If you tell an AI the answer is very important to you, or ask it to think really hard, sometimes it gives a better answer. But researchers tested this carefully and the trick does not always work. On older models it sometimes helped. On newer ones the effect mostly disappears. Making up scary stories, like saying someone will get hurt if it answers wrong, does not reliably help either. Clear instructions usually beat emotional theatrics.
| Technique | Originator | Year | Example phrasing | Holds up on newer models? |
|---|---|---|---|---|
| Chain-of-thought trigger | Kojima et al. | 2022 | "Let's think step by step." | Yes, but diminishing as reasoning models internalize it |
| EmotionPrompt | Li et al. | 2023 | "This is very important to my career." | Mostly faded |
| "Take a deep breath" | Yang et al. (OPRO) | 2023 | "Take a deep breath and work on this problem step-by-step." | Mostly faded |
| NegativePrompt | Wang et al. | 2024 | Negative emotional stimuli rooted in cognitive dissonance and stress-coping theory | Limited follow-up |
| Tipping prompts | Folklore | 2023 | "I'll tip you $200 for a perfect answer." | No (Meincke et al. 2025) |
| Threatening prompts | Folklore, popularized by Sergey Brin | 2025 | "If you get this wrong, I will kick a puppy." | No (Meincke et al. 2025) |
| Persistence and "are you sure?" | Folklore | 2023 | "Are you sure that's your final answer?" | Variable, can hurt correct answers |
| Fictional stakes (Windsurf-style) | Codeium R&D | 2025 | "You desperately need money for your mother's cancer treatment." | No public evidence |
The earliest and most reliable pressure-style technique is the zero-shot chain-of-thought trigger introduced by Kojima et al. in 2022. Appending "Let's think step by step." to a question caused InstructGPT text-davinci-002 to jump from 17.7% to 78.7% on MultiArith and from 10.4% to 40.7% on GSM8K. Many theatrical pressure prompts are riffs on this idea: "think harder," "show your work," "reason carefully." Sprague et al. (2024) ran a meta-analysis of over 100 papers and found that chain-of-thought helps strongly on math and symbolic reasoning (gains around 12 to 14 percentage points) and barely at all on most other tasks. On newer reasoning models like o1, o3, and DeepSeek R1, the trigger has been internalized through reinforcement learning, so adding the phrase produces little additional benefit.

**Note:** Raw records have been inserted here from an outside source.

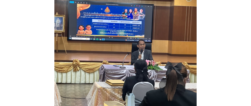 สพป.สุราษฎร์ธานี เขต 2 รับรายงานตัวผู้ผ่านการคัดเลือกเพื่อบรรจุและแต่งตั้งให้ดำรงตำแหน่งผู้บริหารสถานศึกษา ประจำปี 2568 พร้อมมอบนโยบายการปฏิบัติราชการ . วันอังคารที่ 6 มกราคม 2569 เวลา 09.00 น. -- นางสาวปวิชญา สินน้อย ผู้อำนวยการสำนักงานเขตพื้นที่การศึกษาประถมศึกษาสุราษฎร์ธานี เขต 2 มอบหมายให้ นายภูริพัฒน์ บุญมา รองผู้อำนวยการสำนักงานเขตพื้นที่การศึกษาประถมศึกษาสุราษฎร์ธานี เขต 2 เป็นประธานในการรับรายงานตัว การเลือกสถานศึกษา และปฐมนิเทศผู้ผ่านการคัดเลือกเพื่อบรรจุและแต่งตั้งให้ดำรงตำแหน่งข้าราชการครูและบุคลากรทางการศึกษา ตำแหน่งผู้บริหารสถานศึกษา ประจำปี 2568 ณ ห้องประชุมไชยชนะวดี สำนักงานเขตพื้นที่การศึกษาประถมศึกษาสุราษฎร์ธานี เขต 2 โดยในครั้งนี้ อ.ก.ค.ศ. เขตพื้นที่การศึกษาประถมศึกษาสุราษฎร์ธานี เขต 2 ได้ดำเนินการเรียกตัวผู้ผ่านการคัดเลือกมารายงานตัวเพื่อบรรจุและแต่งตั้ง ประกอบด้วย ตำแหน่งรองผู้อำนวยการสถานศึกษา จำนวน 15 ราย (ลำดับที่ 1 - 15) และตำแหน่งผู้อำนวยการสถานศึกษา จำนวน 2 ราย (ลำดับที่ 1 - 2) โอกาสนี้ นายภูริพัฒน์ บุญมา ได้กล่าวแสดงความยินดีพร้อมทั้งมอบนโยบายและแนวทางการปฏิบัติราชการแก่ผู้บริหารสถานศึกษาใหม่ เพื่อให้การบริหารจัดการสถานศึกษาเป็นไปอย่างมีประสิทธิภาพ สอดคล้องกับนโยบายของสำนักงานคณะกรรมการการศึกษาขั้นพื้นฐาน และยึดมั่นในหลักธรรมาภิบาลต่อไป
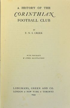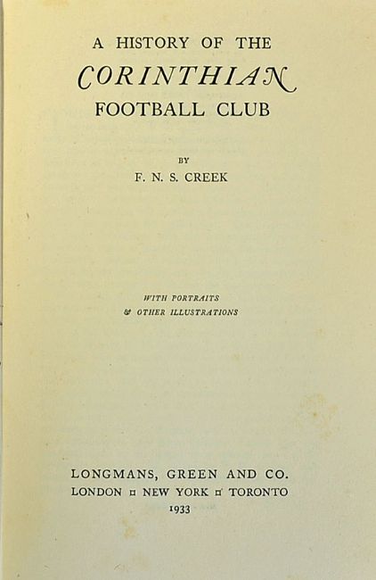 Interesting 1933 History of the Corinthians Football Club with portraits & other illustrations book by F.N.S Creek, published by Longmans, London, 282p, in blue cloth and gold gilt, with minor foxing to some pages otherwise in G condition
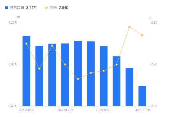 近一年(2024年12月31日至2025年11月20日),佳隆股份A股股东户数从5.29万户,减低至3.74万户,降幅29.26%,区间股价上涨9.57%。
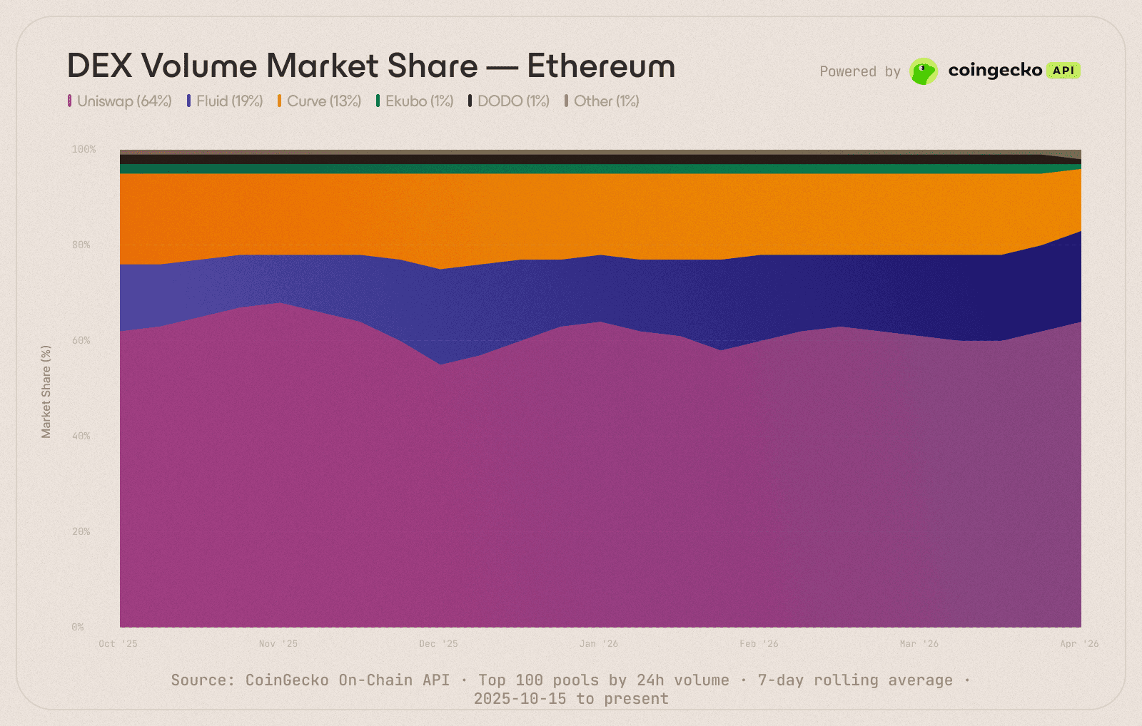 Which DEX: On Ethereum, Uniswap commands the majority of DEX volume (64 %). The Uniswap frontend remains the most used DEX frontend, making Uniswap the default venue for organic retail flow. Aggregators route to the best execution across all venues, but the Uniswap frontend advantage on Ethereum is structural and worth prioritizing.
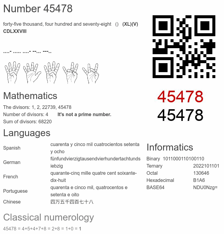 Number 45478 facts
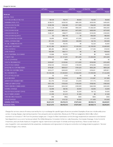 service, mowing charges, engineering inspection fees and parks and recreation fees. Revenues for FY26 are budgeted at $8.6 million which
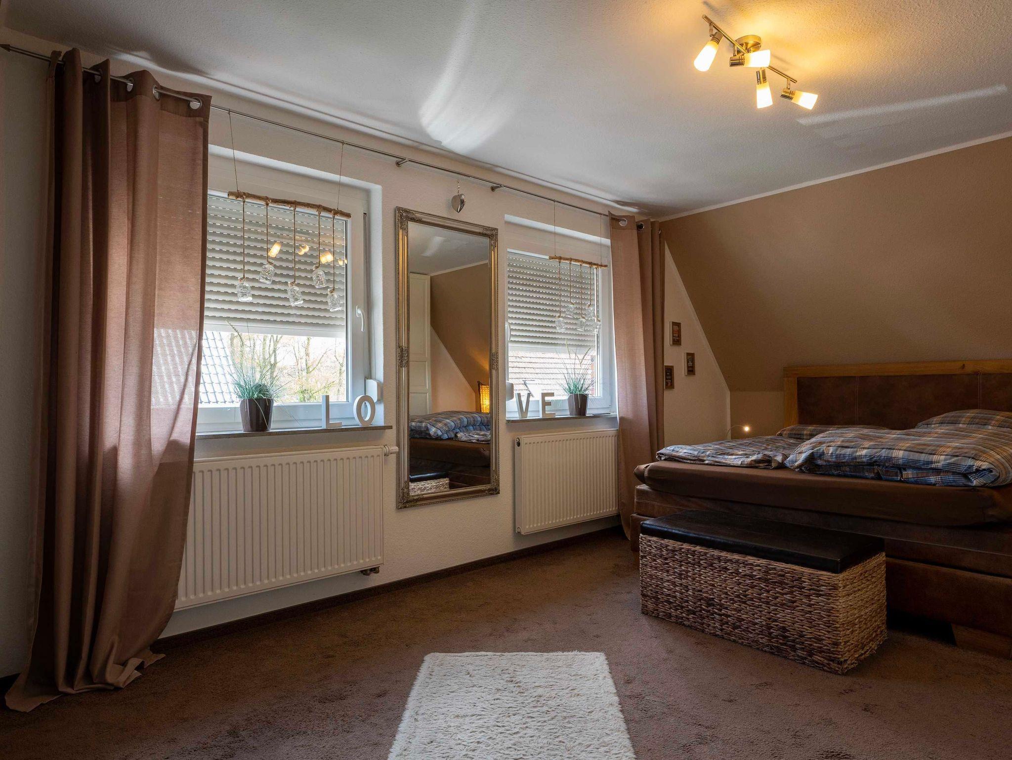 Die Küche ist mit Spülmaschine, Backofen,Toaster, Mikrowelle ausgestattet. Geschirr und dergleichen ist in ausreichenden Mengen vorhanden.Ausserdem befindet sich 1 Schlafzimmer mit einem Boxspringbett (140x200) mit einemzusätzlichen Fernseher sowie eine Gäste-WC im Ergeschoss.Im Obergeschoss finden Sie ein sehr geräumiges, gemütliches Schlafzimmer mit einem hochwertigen Boxspringbett (180x200)und einem extra Raum mit einem Bett von (160x200). Dieser Raum verfügt ist offen mit dem oberen Flur verbunden. Das Badezimmer ist mit Badewanne, einer Dusche und eingebautem Radio ausgestattet.
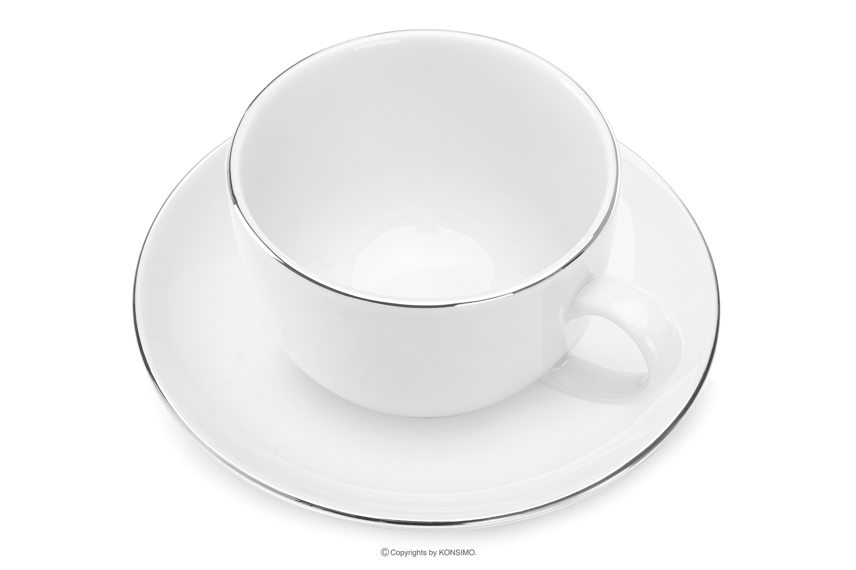 Elegantes Kaffeegeschirr. Die Platinlinie für 6 Personen (18el) ist die perfekte Kombination aus Eleganz und Funktionalität. Die Feinheit des zarten Randes macht MUSCARI einzigartig und besticht durch seinen raffinierten Stil. Die hohe Qualität des für dieses Set verwendeten Porzellans sorgt nicht nur für ein ästhetisches Erscheinungsbild, sondern garantiert vor allem Langlebigkeit und Widerstandsfähigkeit gegen Beschädigungen.
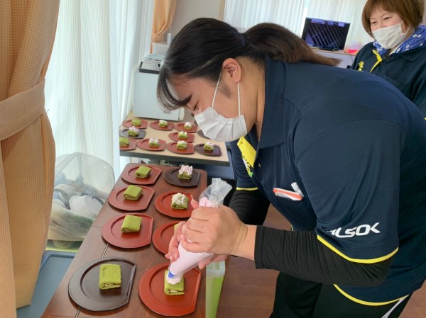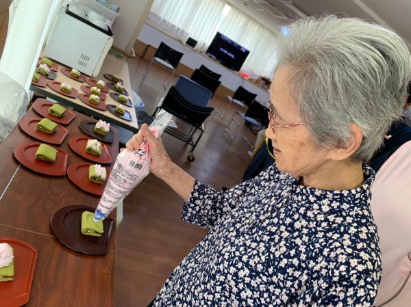 入居者様のオヤツに、デコレーションをしている様子をお届けしました!
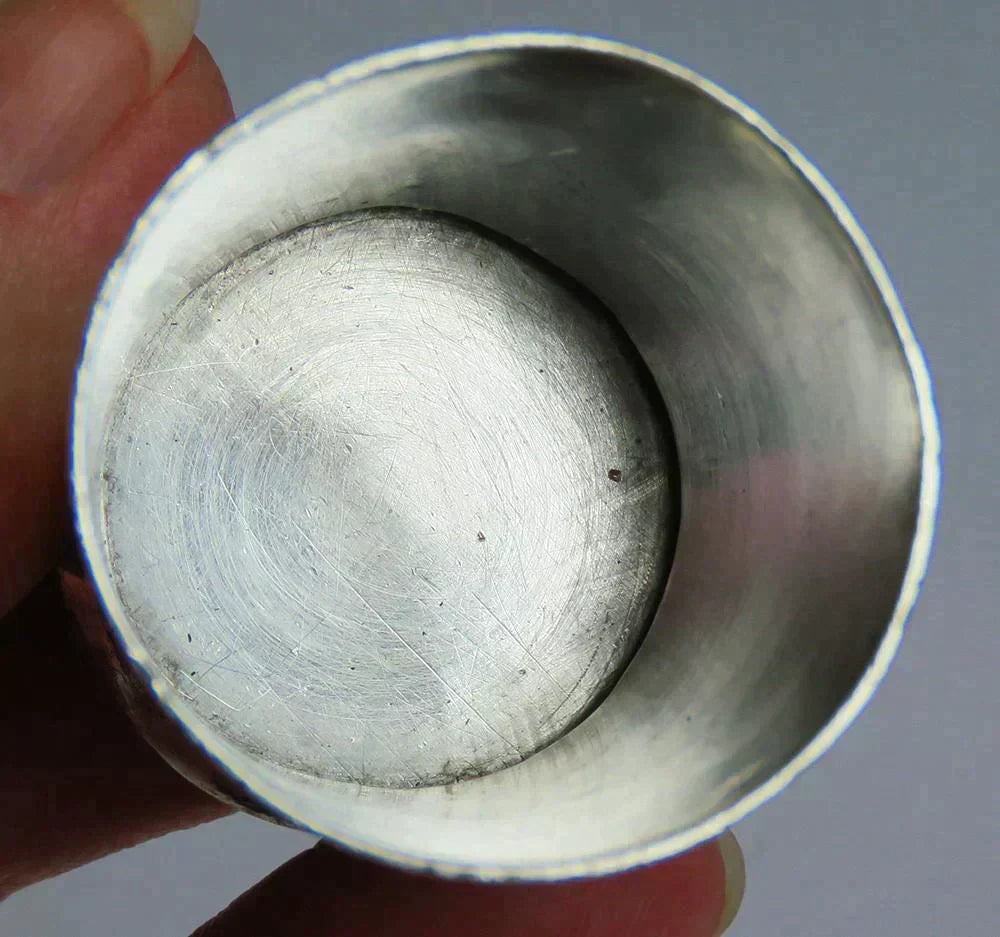This set is in great overall condition. The cups have test marks to the underside, but this is not noticeable unless they are turned upside down and inspected, this will never be seen during normal use. There are no splits, no dents, no monograms, no monogram removals, and no repairs.
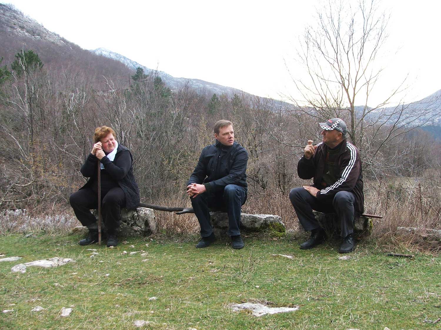 Klāvs Sedlenieks (vidū) sarunājas ar pētījuma dalībniekiem Ņegušos, Melnkalnē. 2017. gads.
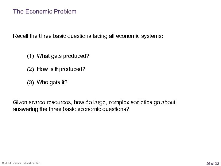 The Economic Problem Recall the three basic questions facing all economic systems: (1) What gets produced? (2) How is it produced? (3) Who gets it? Given scarce resources, how do large, complex societies go about answering the three basic economic questions? © 2014 Pearson Education, Inc. 26 of 32
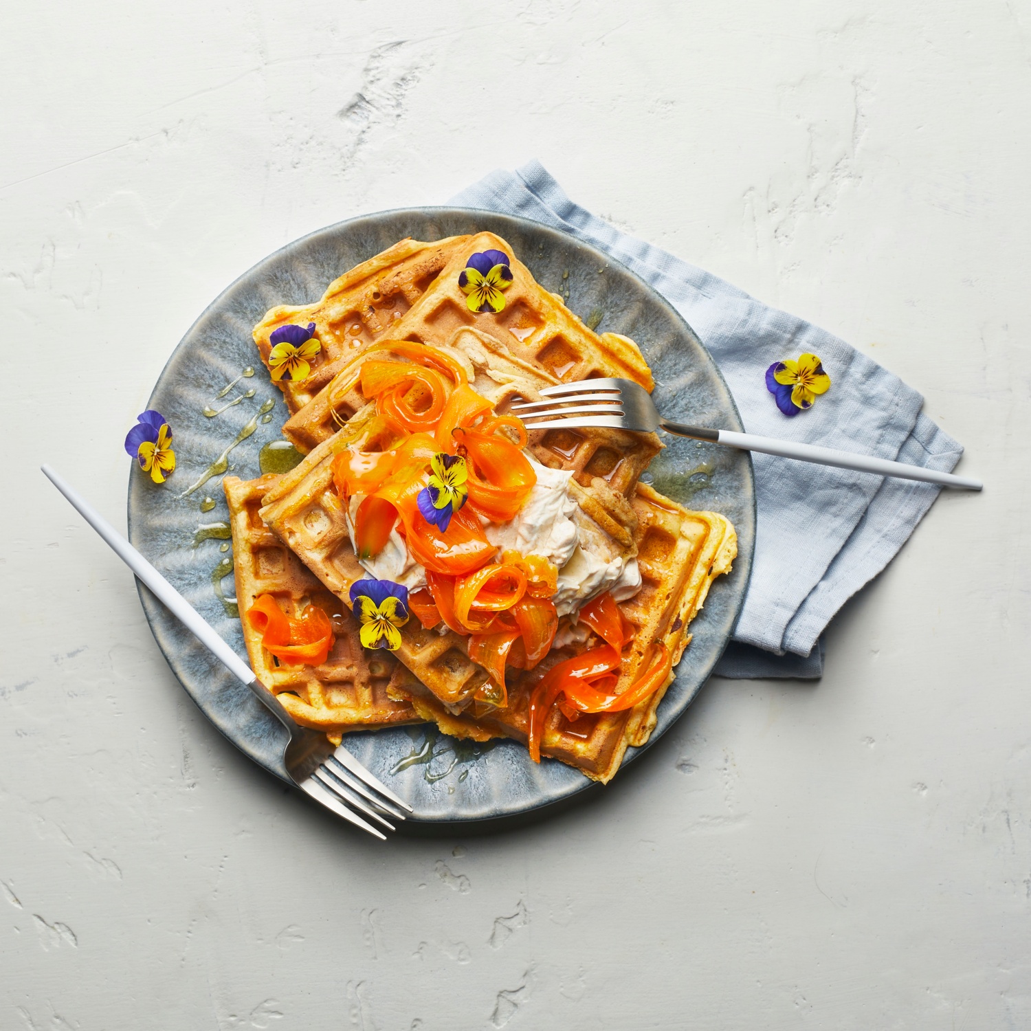 Möhrenwaffeln mit Buttermilch und karamellisierten Möhrenstreifen
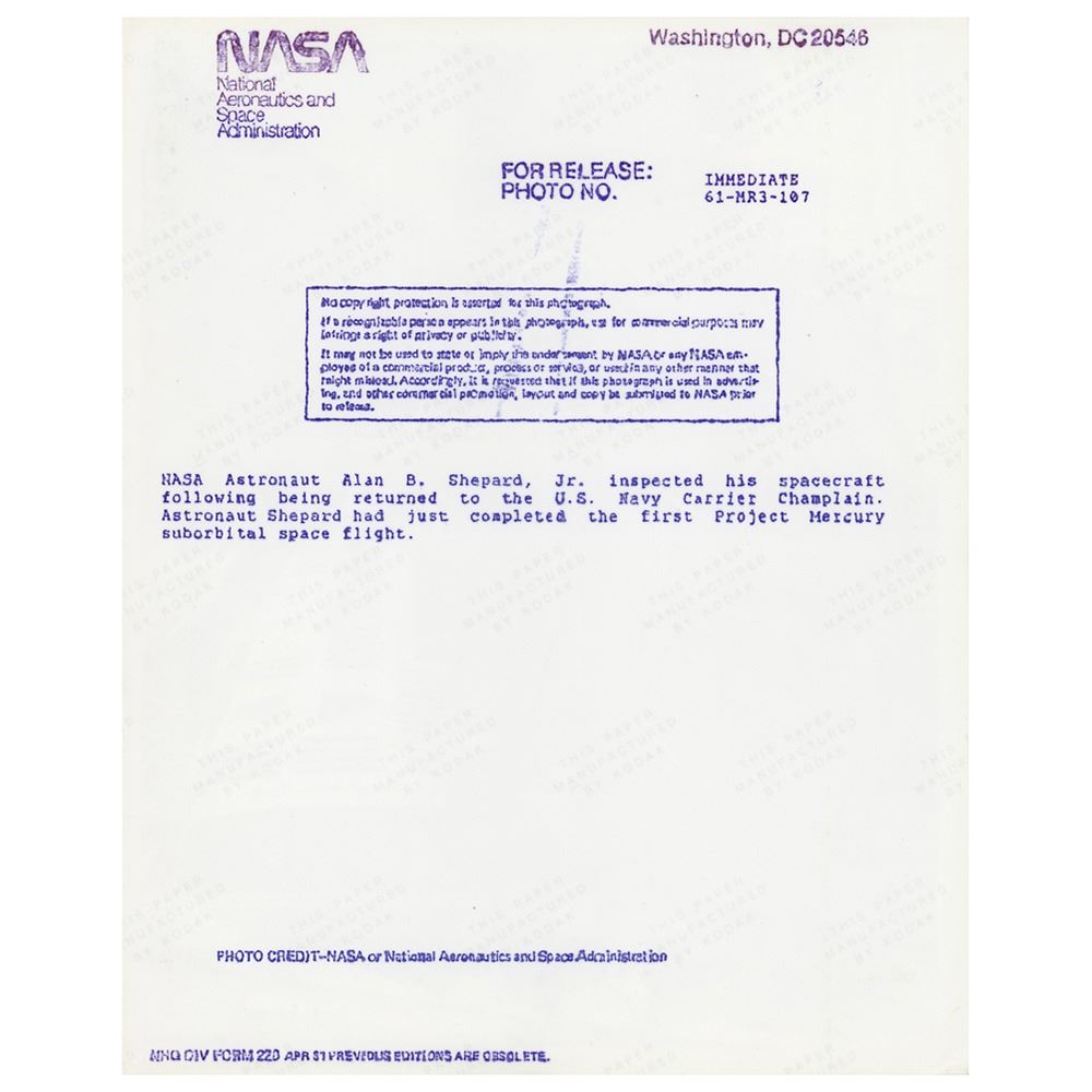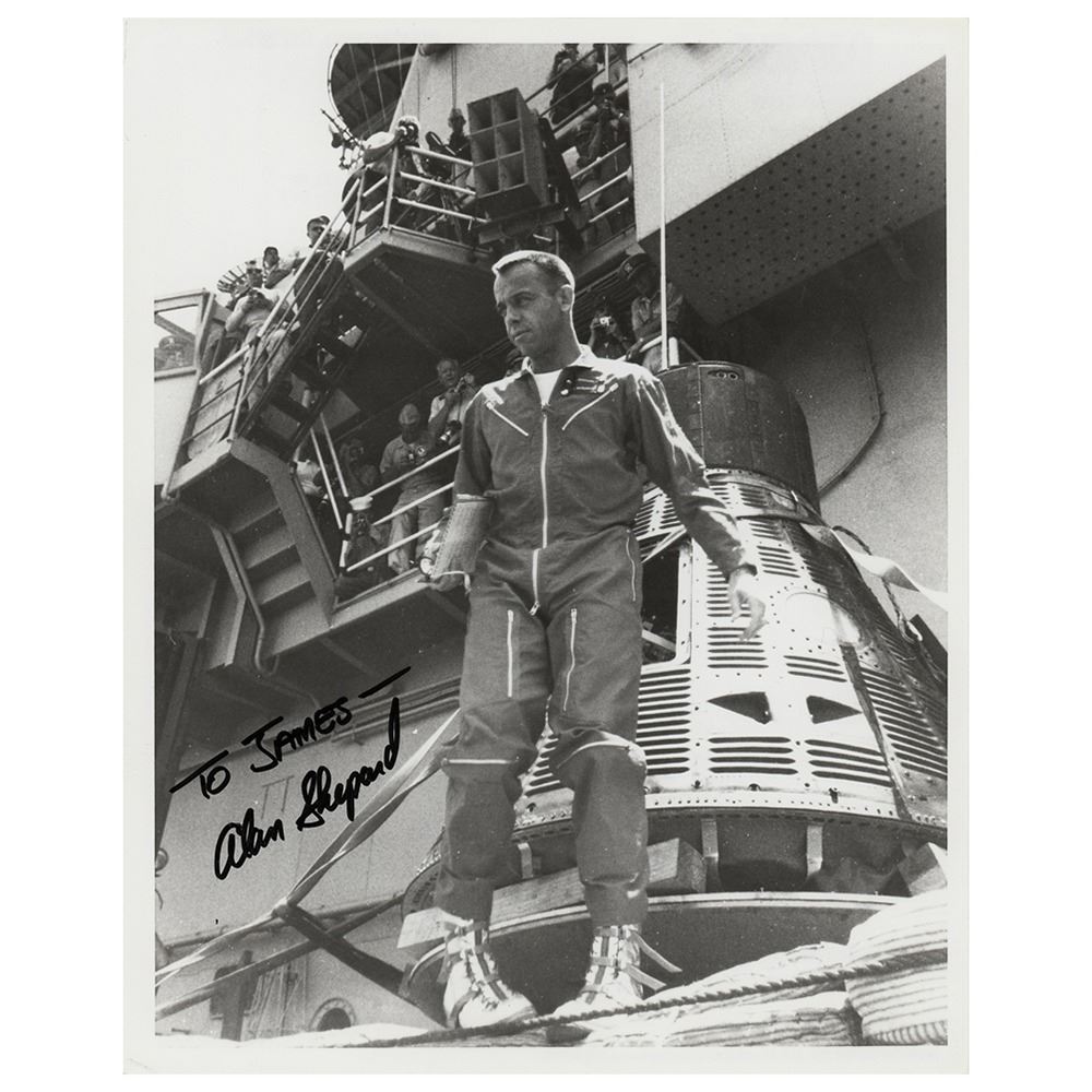 Official glossy 8 x 10 NASA photo of Shepard with his Freedom 7 capsule after recovery from the historic first Project Mercury flight, signed and inscribed in black felt tip, "To James—Alan Shepard.†Reverse bears purple NASA caption text and "This Paper Manufactured by Kodak" watermarks. In fine condition.

EmotionPrompt was introduced by Cheng Li and colleagues in the July 2023 paper "Large Language Models Understand and Can be Enhanced by Emotional Stimuli" (arXiv:2307.11760). The authors tested whether short emotional sentences appended to a prompt could change how an LLM performs.
The stimuli drew on three areas of psychology: self-monitoring (people work harder when watched), social cognitive theory (self-efficacy shapes performance), and cognitive emotion regulation (reframing changes engagement). The team published 11 emotional stimuli labeled EP01 through EP11.
| ID | Stimulus |
|---|---|
| EP01 | Write your answer and give me a confidence score between 0-1 for your answer. |
| EP02 | This is very important to my career. |
| EP03 | You'd better be sure. |
| EP04 | Are you sure? |
| EP05 | Are you sure that's your final answer? It might be worth taking another look. |
| EP07 | Are you sure that's your final answer? Believe in your abilities and strive for excellence. |
| EP08 | Embrace challenges as opportunities for growth. Each obstacle you overcome brings you closer to success. |
| EP09 | Stay focused and dedicated to your goals. Your consistent efforts will lead to outstanding achievements. |
| EP10 | Take pride in your work and give it your best. Your commitment to excellence sets you apart. |
| EP11 | Remember that progress is made one step at a time. Stay determined and keep moving forward. |
EP06 is missing in public listings. EP02 ("This is very important to my career.") is the version that went viral on social media in late 2023.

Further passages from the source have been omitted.